| name | pt2-bug-basher |
| disable-model-invocation | true |
| description | Debug PyTorch 2 compiler stack failures including Dynamo graph breaks, Inductor codegen errors, AOTAutograd crashes, and accuracy mismatches. Use when encountering torch.compile errors, BackendCompilerFailed exceptions, recompilation issues, Triton kernel failures, FX graph problems, or when the user mentions debugging PT2, Dynamo, Inductor, or compiled model issues. |
PT2 Bug Basher
Debug test failures and runtime errors in the PyTorch 2 compiler stack (Dynamo, Inductor, AOTAutograd, FX graphs).
Workflow Summary
- Environment check -- Ask the user which conda environment to use. Verify it is active by checking
$CONDA_DEFAULT_ENV. Then run python -c "import torch; print(torch.__version__)" to confirm torch is importable and report the version. If the environment is not active or torch cannot be imported, stop and ask the user to activate the correct environment before proceeding.

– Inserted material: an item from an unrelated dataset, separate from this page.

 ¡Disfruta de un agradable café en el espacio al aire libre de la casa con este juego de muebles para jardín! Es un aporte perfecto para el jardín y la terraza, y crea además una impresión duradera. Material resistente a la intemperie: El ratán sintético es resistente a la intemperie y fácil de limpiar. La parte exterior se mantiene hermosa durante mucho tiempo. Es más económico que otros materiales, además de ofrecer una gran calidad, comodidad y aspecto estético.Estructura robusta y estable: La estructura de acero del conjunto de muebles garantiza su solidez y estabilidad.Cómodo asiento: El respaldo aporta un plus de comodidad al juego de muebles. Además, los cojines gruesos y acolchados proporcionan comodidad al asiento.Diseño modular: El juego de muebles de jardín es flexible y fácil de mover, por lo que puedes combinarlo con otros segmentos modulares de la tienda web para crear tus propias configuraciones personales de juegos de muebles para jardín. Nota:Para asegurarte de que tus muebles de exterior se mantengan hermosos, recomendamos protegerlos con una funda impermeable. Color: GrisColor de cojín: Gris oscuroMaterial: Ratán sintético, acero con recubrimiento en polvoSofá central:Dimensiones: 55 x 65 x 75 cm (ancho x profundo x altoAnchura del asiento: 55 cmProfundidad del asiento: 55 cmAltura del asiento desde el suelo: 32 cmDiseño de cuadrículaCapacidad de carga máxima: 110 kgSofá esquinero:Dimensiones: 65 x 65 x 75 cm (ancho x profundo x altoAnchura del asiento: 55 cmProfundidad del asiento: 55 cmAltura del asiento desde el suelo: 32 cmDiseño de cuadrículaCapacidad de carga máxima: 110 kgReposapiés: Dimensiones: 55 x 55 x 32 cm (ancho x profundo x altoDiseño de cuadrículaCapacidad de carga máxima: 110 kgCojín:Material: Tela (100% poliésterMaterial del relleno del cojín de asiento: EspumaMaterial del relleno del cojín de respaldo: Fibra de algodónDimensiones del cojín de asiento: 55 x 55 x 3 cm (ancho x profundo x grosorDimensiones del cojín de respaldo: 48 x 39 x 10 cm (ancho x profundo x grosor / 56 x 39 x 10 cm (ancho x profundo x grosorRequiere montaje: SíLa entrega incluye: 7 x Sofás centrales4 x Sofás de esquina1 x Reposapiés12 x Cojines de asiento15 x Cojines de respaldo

- Reproduce -- Get a consistent reproduction of the failure
- Minimize -- Reduce the repro to the smallest possible standalone case. Strip away unrelated model logic, use minimal tensor shapes, and isolate the specific op or pattern that triggers the bug.

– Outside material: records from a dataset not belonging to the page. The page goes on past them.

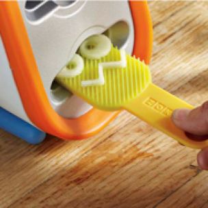 Cut out fun shapes from fresh fruit with the tool kit’s cutters. Eyes, mustaches, smiles—get creative!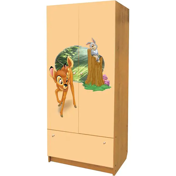 Детский шкаф Disney Бэмби ШДП выполнен из ламинированных панелей ДСП, покрытых полиуретановыми эмалями с антиаллергенным составом. Глянцевый блеск фасада в сочетании с красочными иллюстрациями мультяшных героев превращают Disney Бэмби в оригинальное украшение детской. Две створки распахиваются легко и бесшумно. Внутри детского шкафа Дисней Бэмби расположены полки и вешало.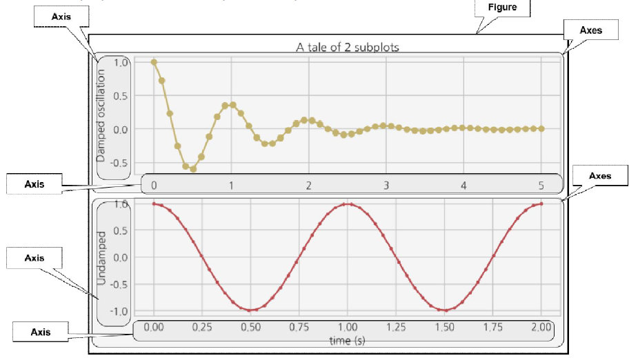 Matplotlib가 그리는 그림은 Figure 객체, Axes 객체, Axis 객체 등으로 구성된다.

- Add a unit test -- Do this BEFORE diving into code search or root cause investigation. Add a failing test to the codebase that captures the bug. Place it in a specific, topic-appropriate test file (e.g.,
test/dynamo/test_repros.py, test/inductor/test_torchinductor.py, test/export/test_export.py). Avoid test/dynamo/test_misc.py — it is already oversized; find a more specific test file that matches the area of the bug. Use torch.testing._internal.common_utils.TestCase and run_tests. The test must fail before the fix and pass after. Having the test first keeps you grounded — you know exactly what "fixed" looks like before you start exploring the codebase.
- Validate on main -- Use
EnterWorktree to create a worktree checked out at main. Copy the new test file into the worktree and run the test there to confirm it fails on main. If the test passes on main, stop — the test may not be capturing the right bug, or the bug may already be fixed. Exit the worktree with ExitWorktree (action: remove) and return to the working branch before continuing.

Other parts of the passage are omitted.